So I have spent a lot of time in recent months contemplating what is driving the small but growing niche markets in our food system operating under various names like organic, local, and even slow food movements. I have finally figured out that just assuming “slow food” is for bad hunters may not be a good strategy.
Almost astonishingly, the San Francisco Chronicle offered up a really nice article discussing the trend and how it is moving across the nation. It has a number of great quotes in it that I won’t spoil here.
Although I have a personal preference for Kansas rancher Chris Wilson, president of American Agri-Women, condemning documentaries like “Food, Inc.” and “King Corn,” as “pastoral fantasies.” My guess is Chris could take Michael two out of three falls because she really works for a living.
Seriously though, it is concerning when an anti-biotech advocate, like Michael Pollan is listed as one of the top “Thinkers” of 2010 on Time Magazine’s top 100 list.

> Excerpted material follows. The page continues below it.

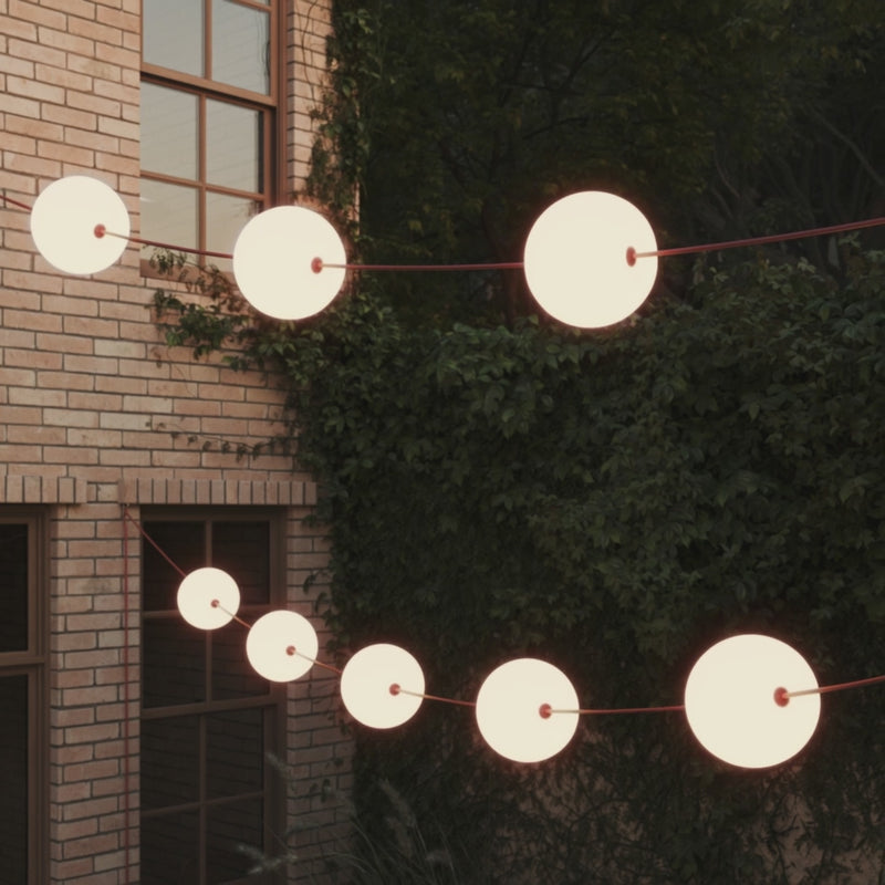 Ένα κρεμαστό φωτιστικό με καλώδια εξωτερικού χώρου, αρθρωτό και ανθεκτικό, σχεδιασμένο να συνοδεύει κάθε στιγμή σε εξωτερικό χώρο — από το σούρουπο ως την αυγή.

In the Oscar-nominated documentary Food, Inc. and in his books Food Rules and The Omnivore’s Dilemma, Pollan, 55, does indeed tell complex stories in an engaging voice.

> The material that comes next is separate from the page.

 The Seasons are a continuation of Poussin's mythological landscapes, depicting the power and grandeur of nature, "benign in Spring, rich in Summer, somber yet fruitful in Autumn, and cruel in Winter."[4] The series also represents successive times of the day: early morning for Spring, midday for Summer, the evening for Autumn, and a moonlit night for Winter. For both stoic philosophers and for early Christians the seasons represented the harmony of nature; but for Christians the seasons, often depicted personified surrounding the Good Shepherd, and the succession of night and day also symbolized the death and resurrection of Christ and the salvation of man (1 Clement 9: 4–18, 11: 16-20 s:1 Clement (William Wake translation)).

He has “pollanized” thousands into believing that local and organic is better, as Time states, without noting the potential pitfalls in execution, seasonality, and little things like plummeting yields.

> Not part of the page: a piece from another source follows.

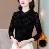 New Chinese Style Buckle Plus Velvet Autumn and Winter Base Shirt for Women Black Shirt T-shirt Warm Flocking Mesh Mother Top

At the end of the day this cultural evolution of food should be about consumer choice, consistency of supply and safety, and maybe even a little deference to Grandma.
An old farmer once told me “passion is good. It gets your blood moving, generates discussion, and gets you up in the morning. It also gives you a yardstick for finding a functional truth.” I guess what he meant is that if you investigate the extremes you will likely find the truth somewhere in the middle.